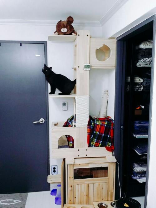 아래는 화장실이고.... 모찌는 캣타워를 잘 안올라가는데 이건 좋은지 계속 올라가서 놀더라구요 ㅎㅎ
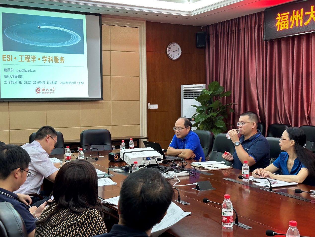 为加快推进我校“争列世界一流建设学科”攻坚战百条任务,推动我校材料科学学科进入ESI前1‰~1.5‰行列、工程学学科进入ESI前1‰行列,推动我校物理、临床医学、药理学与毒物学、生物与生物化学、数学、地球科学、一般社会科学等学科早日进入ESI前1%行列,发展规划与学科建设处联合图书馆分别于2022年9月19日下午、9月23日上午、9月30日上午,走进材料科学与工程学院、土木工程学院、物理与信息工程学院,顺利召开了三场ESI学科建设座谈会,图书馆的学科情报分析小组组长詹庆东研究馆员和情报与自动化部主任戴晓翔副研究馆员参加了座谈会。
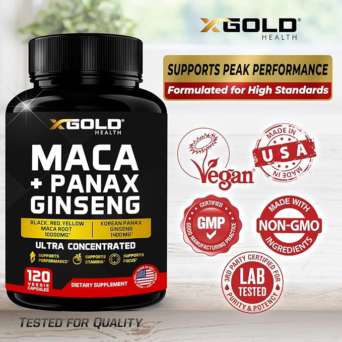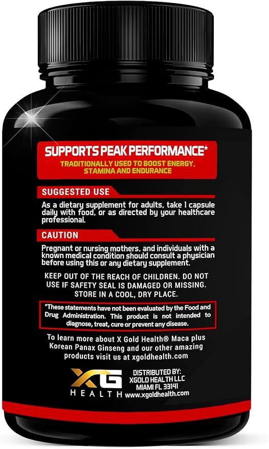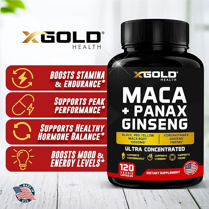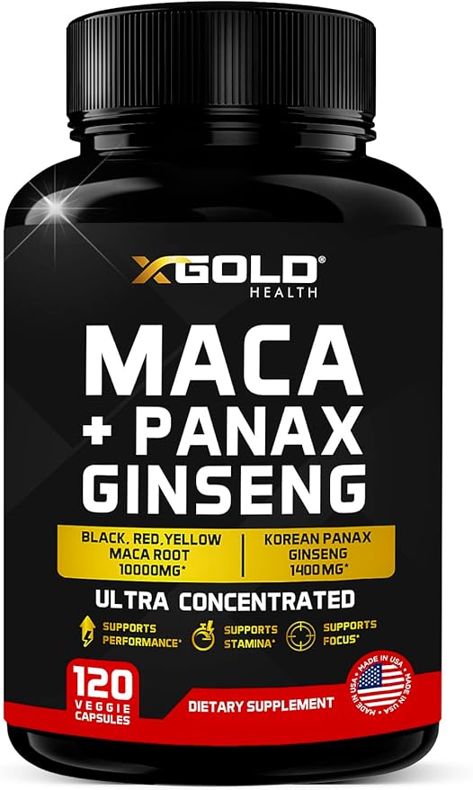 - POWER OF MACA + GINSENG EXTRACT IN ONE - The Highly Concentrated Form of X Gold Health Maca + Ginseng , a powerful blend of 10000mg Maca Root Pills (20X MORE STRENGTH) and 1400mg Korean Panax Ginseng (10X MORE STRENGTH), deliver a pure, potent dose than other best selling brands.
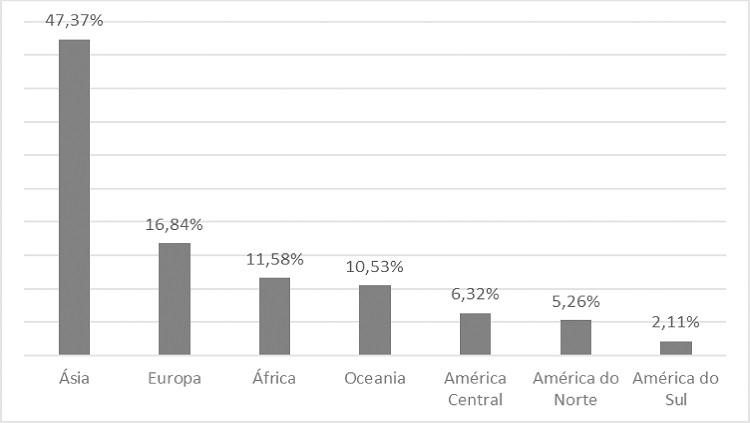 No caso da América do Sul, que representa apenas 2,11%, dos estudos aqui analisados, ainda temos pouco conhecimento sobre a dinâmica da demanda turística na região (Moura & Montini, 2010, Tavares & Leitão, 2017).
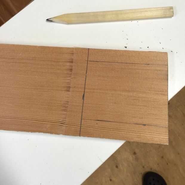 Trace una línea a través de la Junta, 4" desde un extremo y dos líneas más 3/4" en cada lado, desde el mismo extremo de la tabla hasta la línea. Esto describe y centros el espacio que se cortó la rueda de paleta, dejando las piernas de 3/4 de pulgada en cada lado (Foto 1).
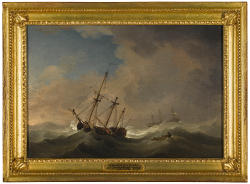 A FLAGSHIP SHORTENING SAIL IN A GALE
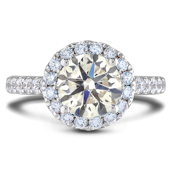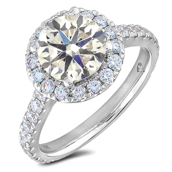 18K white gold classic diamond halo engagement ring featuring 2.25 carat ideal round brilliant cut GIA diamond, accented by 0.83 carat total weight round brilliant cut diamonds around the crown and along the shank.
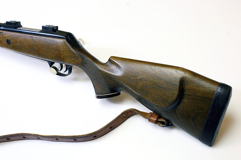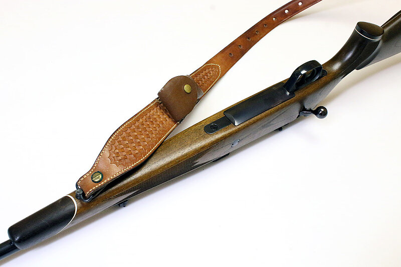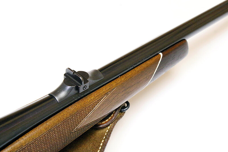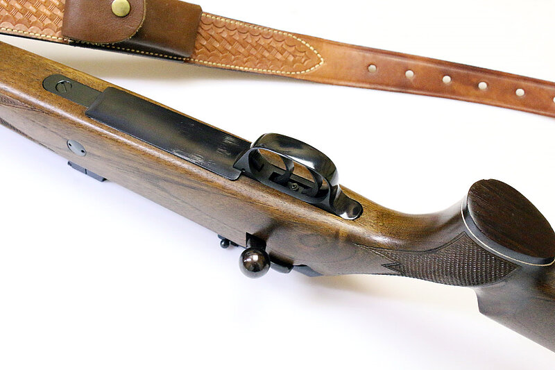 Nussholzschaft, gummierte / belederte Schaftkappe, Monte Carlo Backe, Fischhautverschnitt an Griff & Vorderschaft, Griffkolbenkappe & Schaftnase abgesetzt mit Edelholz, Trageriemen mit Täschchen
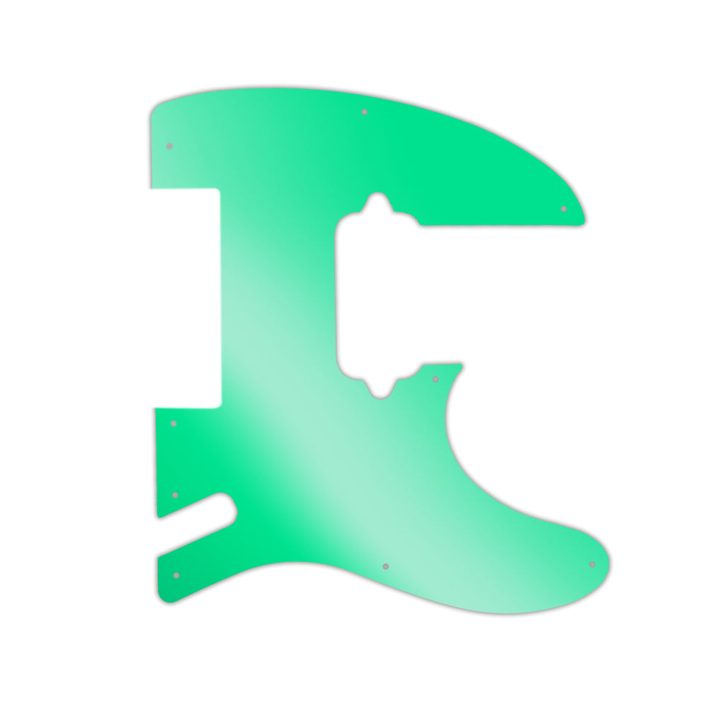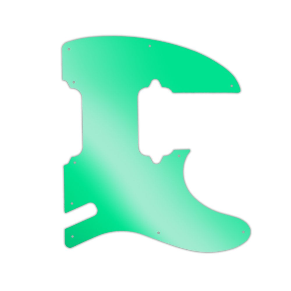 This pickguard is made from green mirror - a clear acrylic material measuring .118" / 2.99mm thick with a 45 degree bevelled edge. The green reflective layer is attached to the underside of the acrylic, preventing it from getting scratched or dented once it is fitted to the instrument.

==============================

## [WHAT THIS TASK INVOLVES]
The copy you give must repeat each record character for character, but it must not include the pictures.

## [TASK RESPONSE]
 아래는 화장실이고.... 모찌는 캣타워를 잘 안올라가는데 이건 좋은지 계속 올라가서 놀더라구요 ㅎㅎ
 为加快推进我校“争列世界一流建设学科”攻坚战百条任务,推动我校材料科学学科进入ESI前1‰~1.5‰行列、工程学学科进入ESI前1‰行列,推动我校物理、临床医学、药理学与毒物学、生物与生物化学、数学、地球科学、一般社会科学等学科早日进入ESI前1%行列,发展规划与学科建设处联合图书馆分别于2022年9月19日下午、9月23日上午、9月30日上午,走进材料科学与工程学院、土木工程学院、物理与信息工程学院,顺利召开了三场ESI学科建设座谈会,图书馆的学科情报分析小组组长詹庆东研究馆员和情报与自动化部主任戴晓翔副研究馆员参加了座谈会。
 - POWER OF MACA + GINSENG EXTRACT IN ONE - The Highly Concentrated Form of X Gold Health Maca + Ginseng , a powerful blend of 10000mg Maca Root Pills (20X MORE STRENGTH) and 1400mg Korean Panax Ginseng (10X MORE STRENGTH), deliver a pure, potent dose than other best selling brands.
 No caso da América do Sul, que representa apenas 2,11%, dos estudos aqui analisados, ainda temos pouco conhecimento sobre a dinâmica da demanda turística na região (Moura & Montini, 2010, Tavares & Leitão, 2017).
 Trace una línea a través de la Junta, 4" desde un extremo y dos líneas más 3/4" en cada lado, desde el mismo extremo de la tabla hasta la línea. Esto describe y centros el espacio que se cortó la rueda de paleta, dejando las piernas de 3/4 de pulgada en cada lado (Foto 1).
 A FLAGSHIP SHORTENING SAIL IN A GALE
 18K white gold classic diamond halo engagement ring featuring 2.25 carat ideal round brilliant cut GIA diamond, accented by 0.83 carat total weight round brilliant cut diamonds around the crown and along the shank.
 Nussholzschaft, gummierte / belederte Schaftkappe, Monte Carlo Backe, Fischhautverschnitt an Griff & Vorderschaft, Griffkolbenkappe & Schaftnase abgesetzt mit Edelholz, Trageriemen mit Täschchen
 This pickguard is made from green mirror - a clear acrylic material measuring .118" / 2.99mm thick with a 45 degree bevelled edge. The green reflective layer is attached to the underside of the acrylic, preventing it from getting scratched or dented once it is fitted to the instrument.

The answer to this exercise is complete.